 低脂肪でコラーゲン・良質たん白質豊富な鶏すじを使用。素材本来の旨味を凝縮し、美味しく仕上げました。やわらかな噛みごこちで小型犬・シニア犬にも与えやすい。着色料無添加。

---

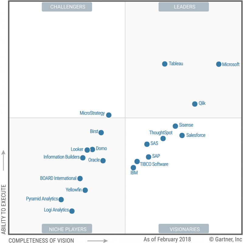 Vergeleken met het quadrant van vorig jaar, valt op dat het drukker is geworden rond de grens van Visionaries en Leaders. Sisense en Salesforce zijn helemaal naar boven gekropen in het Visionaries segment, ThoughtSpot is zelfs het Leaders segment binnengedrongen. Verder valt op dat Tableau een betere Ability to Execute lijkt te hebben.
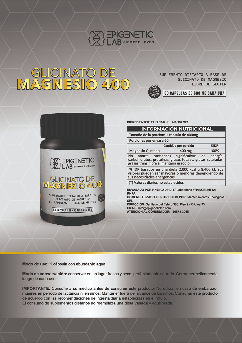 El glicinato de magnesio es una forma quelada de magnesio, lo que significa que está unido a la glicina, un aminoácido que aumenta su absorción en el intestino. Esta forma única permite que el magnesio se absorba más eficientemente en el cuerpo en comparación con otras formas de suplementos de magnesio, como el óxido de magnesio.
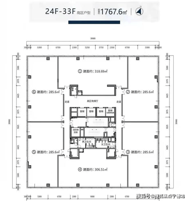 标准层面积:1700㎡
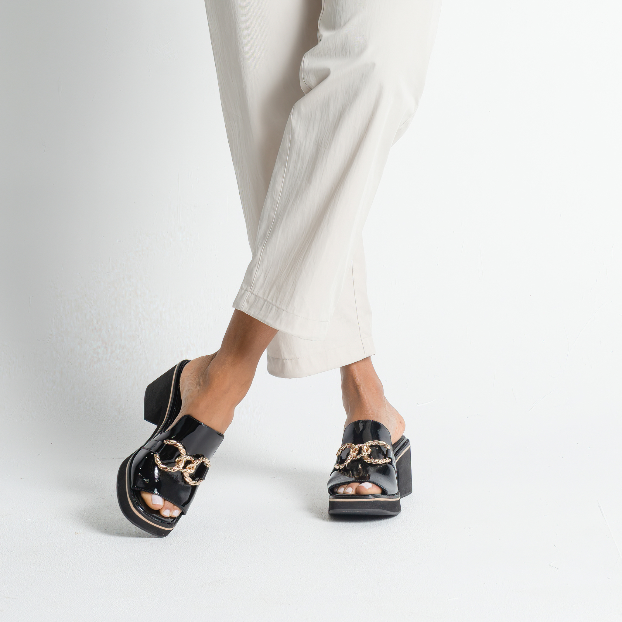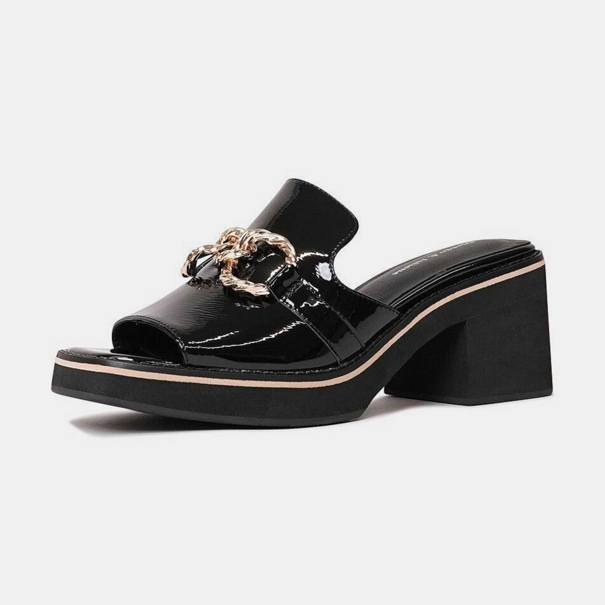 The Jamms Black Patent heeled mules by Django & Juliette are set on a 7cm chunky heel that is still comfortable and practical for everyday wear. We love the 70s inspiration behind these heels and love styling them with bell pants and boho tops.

...

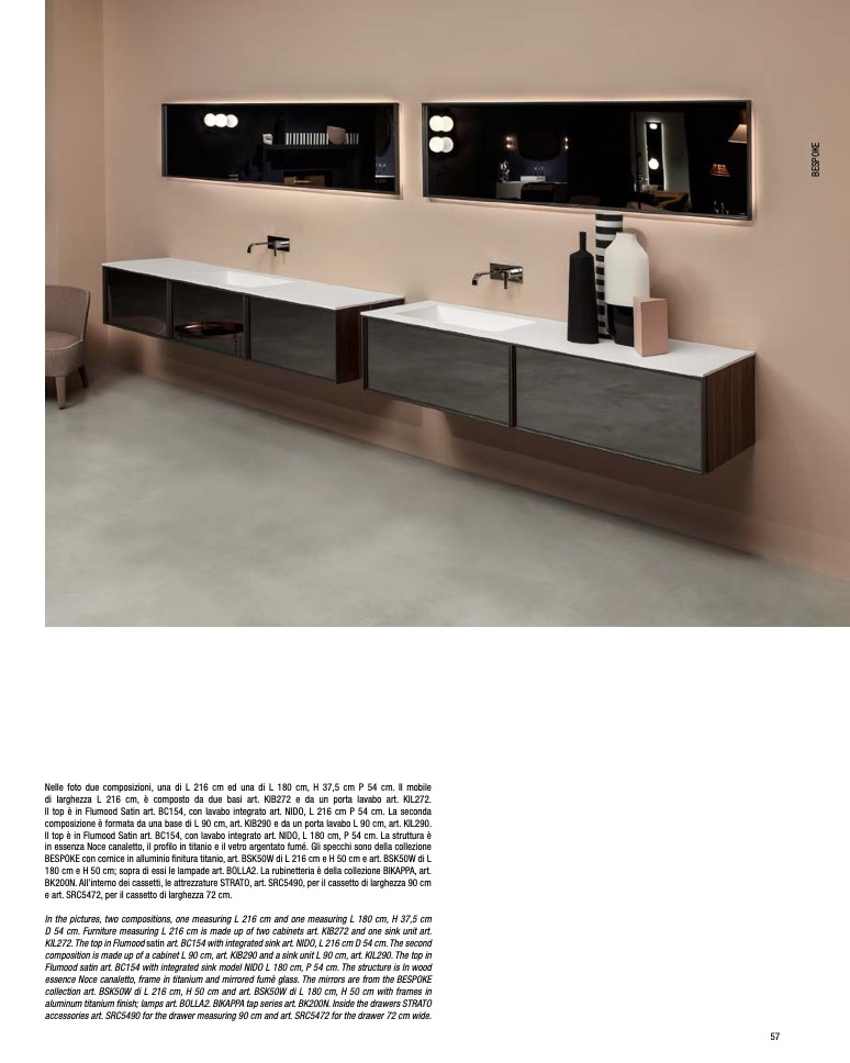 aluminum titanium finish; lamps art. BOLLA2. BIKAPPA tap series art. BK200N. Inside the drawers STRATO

What is expected
Within the entries above, the lines from the one containing "Vergeleken met het" through the one containing "标准层面积:1700㎡" are to be transcribed exactly, ends included, pictures excluded.

Task result
 Vergeleken met het quadrant van vorig jaar, valt op dat het drukker is geworden rond de grens van Visionaries en Leaders. Sisense en Salesforce zijn helemaal naar boven gekropen in het Visionaries segment, ThoughtSpot is zelfs het Leaders segment binnengedrongen. Verder valt op dat Tableau een betere Ability to Execute lijkt te hebben.
 El glicinato de magnesio es una forma quelada de magnesio, lo que significa que está unido a la glicina, un aminoácido que aumenta su absorción en el intestino. Esta forma única permite que el magnesio se absorba más eficientemente en el cuerpo en comparación con otras formas de suplementos de magnesio, como el óxido de magnesio.
 标准层面积:1700㎡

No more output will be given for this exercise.